For those who remained, however, the failed uprising was not wholly without benefit. It was such an embarrassment to the Kremlin that rather than risk another rebellion, the Russians opted to give more latitude to János Kádár—the Hungarian leader Moscow had installed—than to any other leader in its eastern orbit. As a result, Hungary was the least oppressive place to live in its communist neighborhood. The media remained hopelessly state-owned and -controlled, but Hungary was the only Eastern bloc country that allowed people to listen to shortwave foreign radio broadcasts about what flourished beyond the Curtain. Unlike in Romania, where President Nicolae Ceauimageescu ran his country like a police state, Hungary allowed monitored meetings between dissidents and Western reporters and had no known political prisoners.

This isn’t to say insouciance reigned in Hungary’s sixteenth-century Turkish bathhouses. Even if people weren’t being hauled off regularly, there were enough incidents of the Political Investigation Department haranguing intellectuals to remind the populace that harboring aspirations of anything but a gray, unsatisfying life was useless, and possibly even hazardous to one’s health. As it is with such subsistence, Hungarians mollified themselves with theories of relativity—in their case, the pronouncement that their country was, as they put it, “the happiest barracks on the (Soviet) bloc.” And as time went on, Hungary began to edge toward free market capitalism, albeit painfully, without interference from the Kremlin. In order to shrink the spiraling $13 billion budget deficit it had accrued over years of corrupted fiscal policies, the Hungarian government began shaving social services such as health care. To curb inflation, it caused an outcry by raising prices for bread, flour, electricity, and other staples. Slowly, Hungary’s leadership broke with Soviet practice, signing worldwide trade agreements and conforming to enough human rights conventions to qualify for International Monetary Fund aid. In the early 1980s, citizens were even permitted to open their own businesses.

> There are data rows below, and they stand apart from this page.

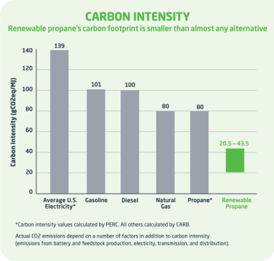 Renewable propane’s carbon intensity — or the carbon emitted for every unit of energy it produces — is lower than conventional propane because it’s produced from bio-based or renewable sources.
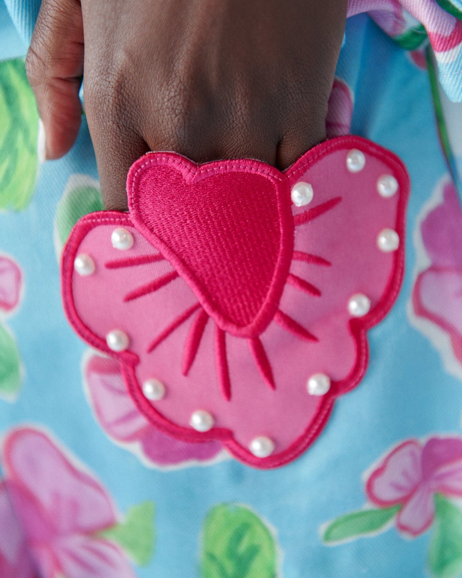 An invisible side zip ensures a perfect fit, while front pockets are elevated with delicate embroidered floral details finished with pearl accents.
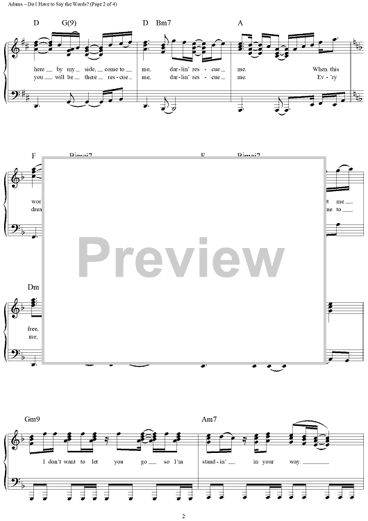 Digital Sheet Music for Do I Have to Say the Words? by Bryan Adams, Robert Lange, Jim Vallance scored for Piano/Vocal/Chords; id:154848
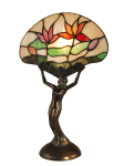 Our pleasant Water Lily Accent Lamp will take you on a delightful journey to a bygone era. The metal base is cast in the image of a graceful woman dressed in a slinky art deco gown. Bent at the knees, she leans ever so slightly backward. In her extend arms; she holds a delicate fan shade. The shade’s background is buttery amber and is adorned with vibrant orange and yellow lilies, nestled amidst lush greenery. The shade is crafted of art glass that is hand rolled and individually copper foiled, using the same technique first developed by Louis Comfort Tiffany in the Nineteenth Century. The shade is backlit by a 60W bulb (not included) and will glow warmly when the lamp is lit, adding a gentle pop of color when nestled on a shelf, curio cabinet or occasional table.
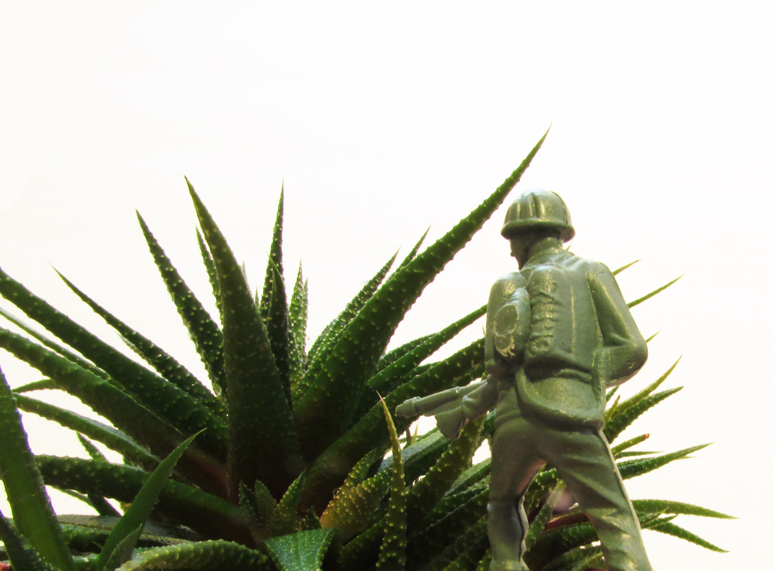 A picture behind a still life army soldier plastic toy piece approaching an aloe plant. The image is over exposed with a white background to give a sense of excitement and tension.
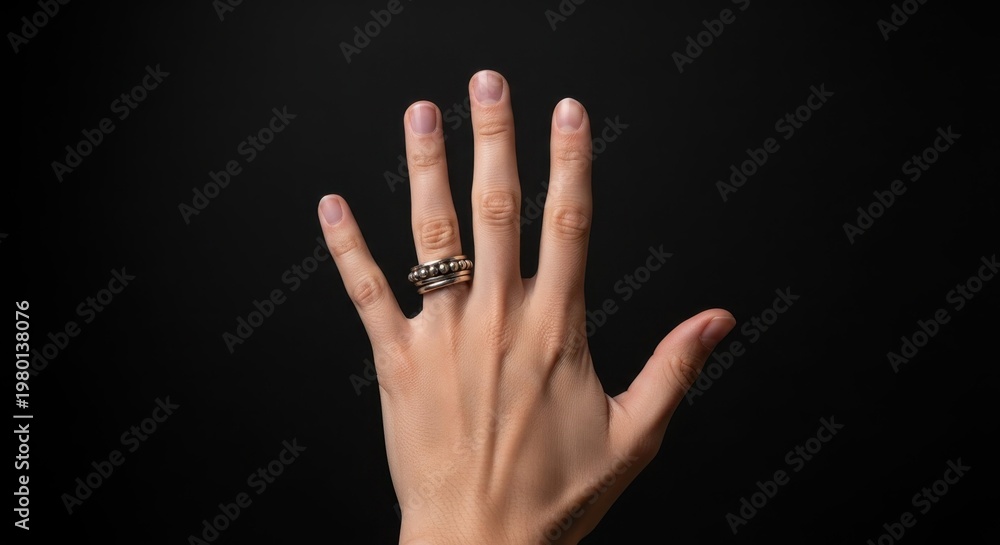 Elegant hand showcasing stylish rings against a black background #1980138076
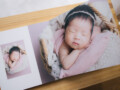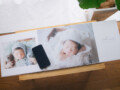 「最初のお写真はやっぱり特別に残したい」そんな方に自信を持ってオススメします。表紙と裏表紙が輝くようなアクリルプレートで仕上げてあり、ページを開くごとに赤ちゃんの寝息が聞こえてきそうな臨場感たっぷりのアルバムです。最初のページには白黒の透かしにお名前と生まれた時の体重や身長などのバースデータを。生まれた時の感動をいつまでも残しておける1冊です。
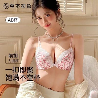 草本初色蕾丝前扣式豹纹女内衣小胸聚拢无钢圈防下垂性感文胸套装
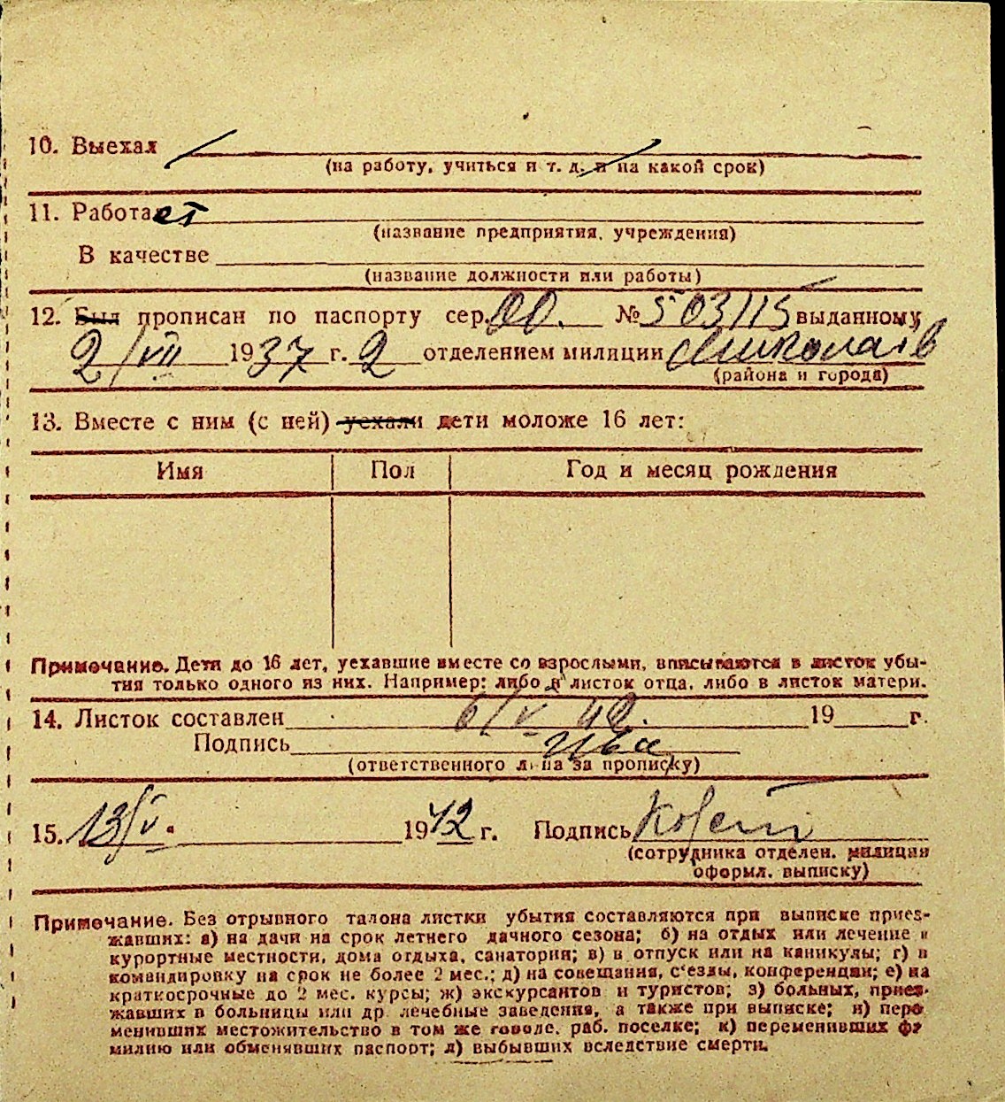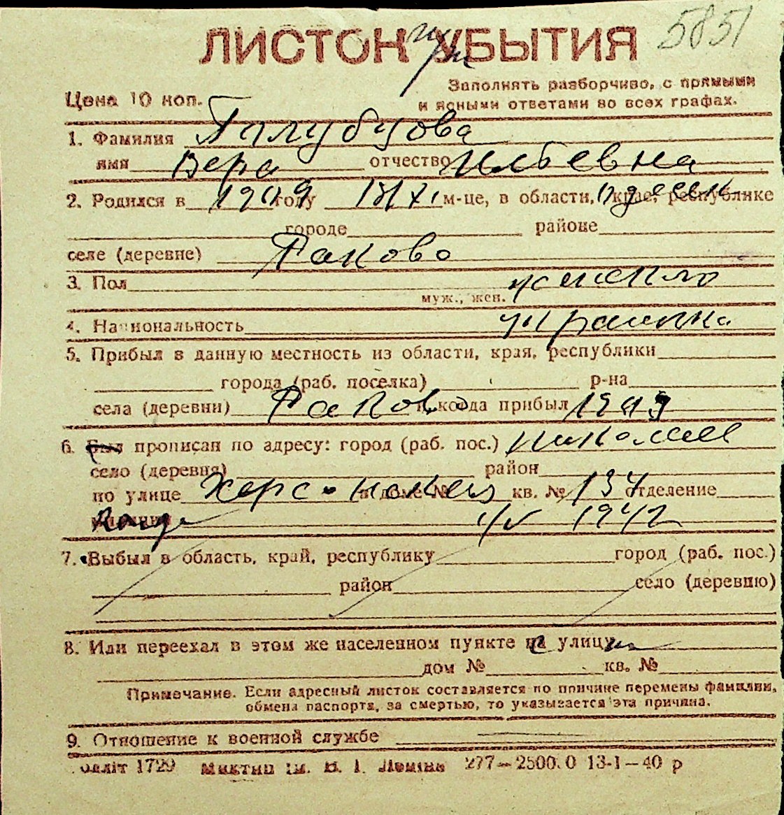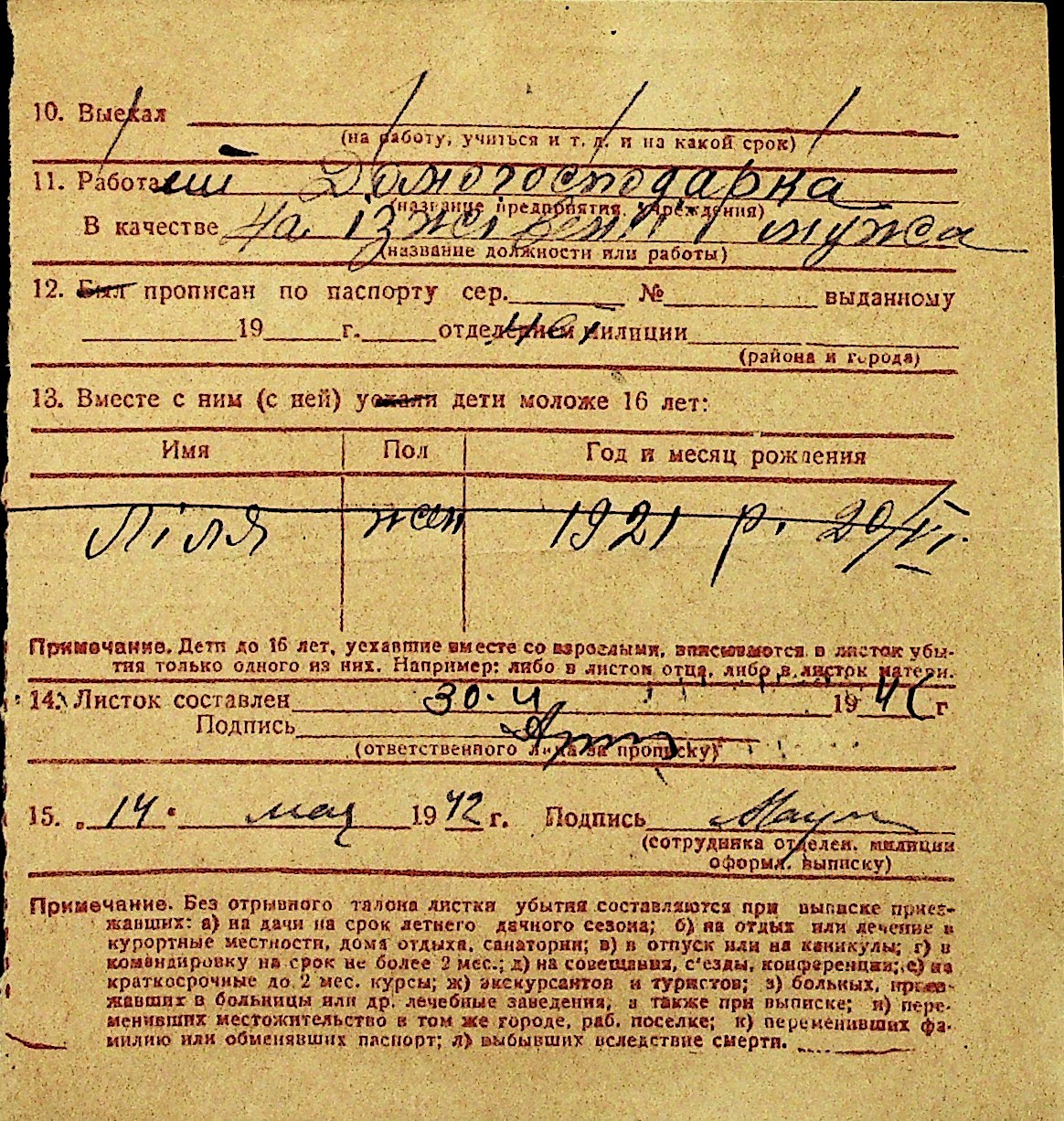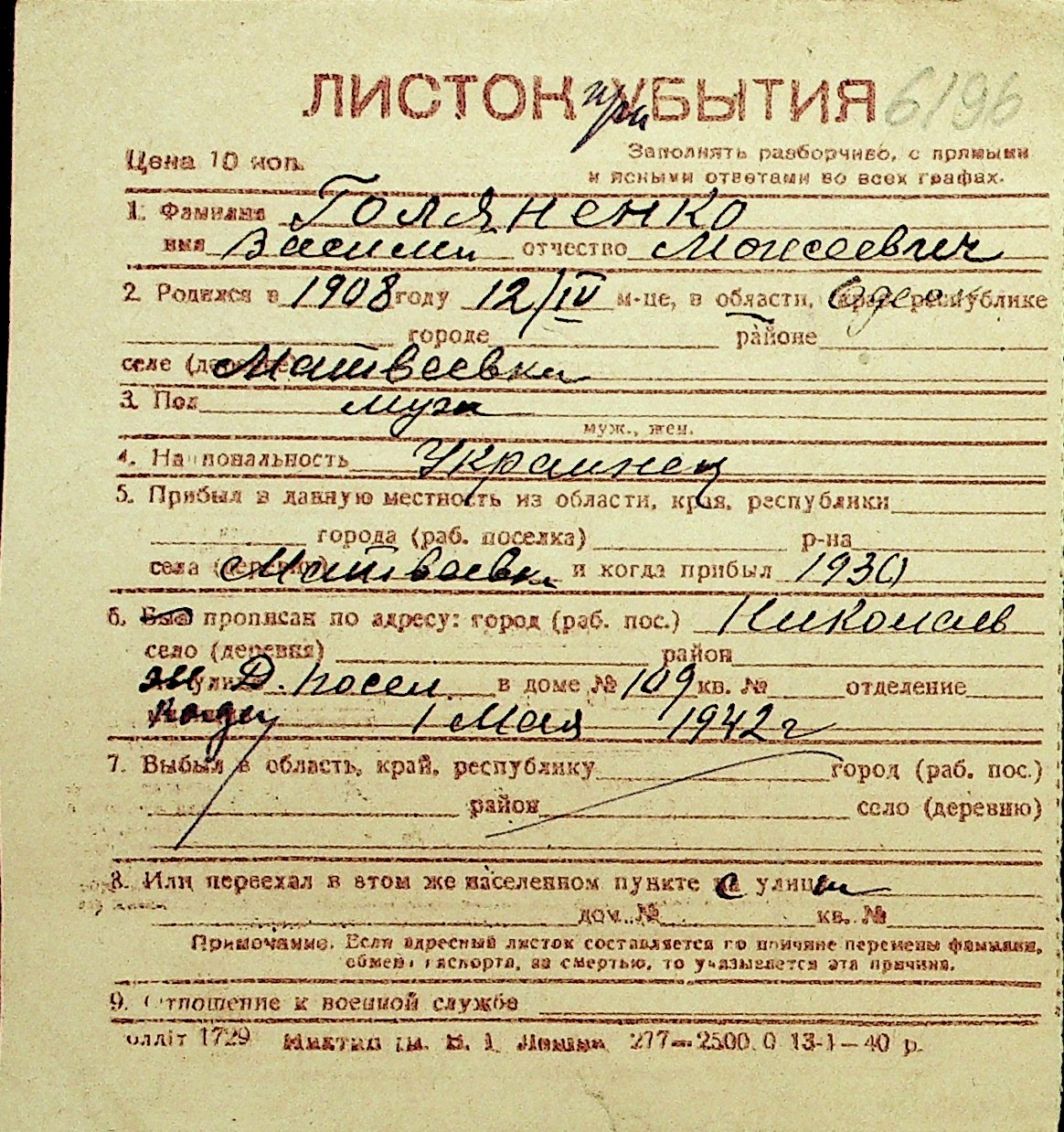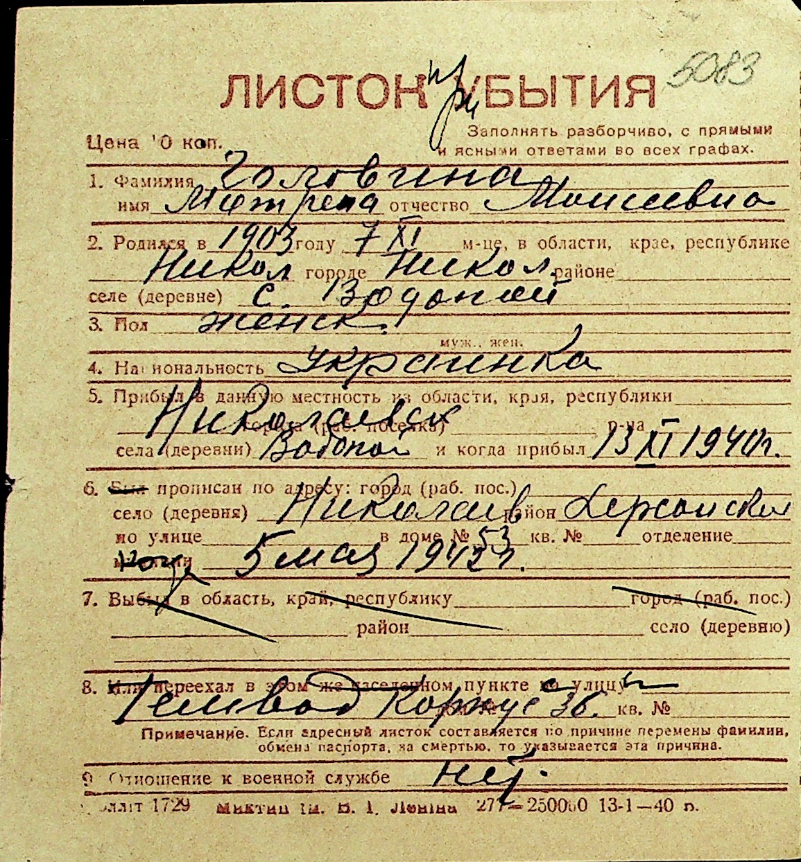 • • Перелік карток до фонду № Н-1016

By the time Soviet leader Mikhail Gorbachev’s progressive policies of perestroika and glasnost, or “economic restructuring” and “openness,” arrived to the USSR in the mid-1980s, Hungary was setting the pace for Eastern Europe’s march toward Westernization. While Attila Ambrus was warding off knife-wielding Romanian bunkmates in a desolate Transylvanian juvenile detention facility, Budapest was welcoming an Adidas sports store and Eastern Europe’s first McDonald’s.

As the end of the 1980s neared, it was clear that even bigger changes were coming, and so—for the first time in most people’s lifetime—was the unknown prospect of true Western-style opportunity. This is where our story begins.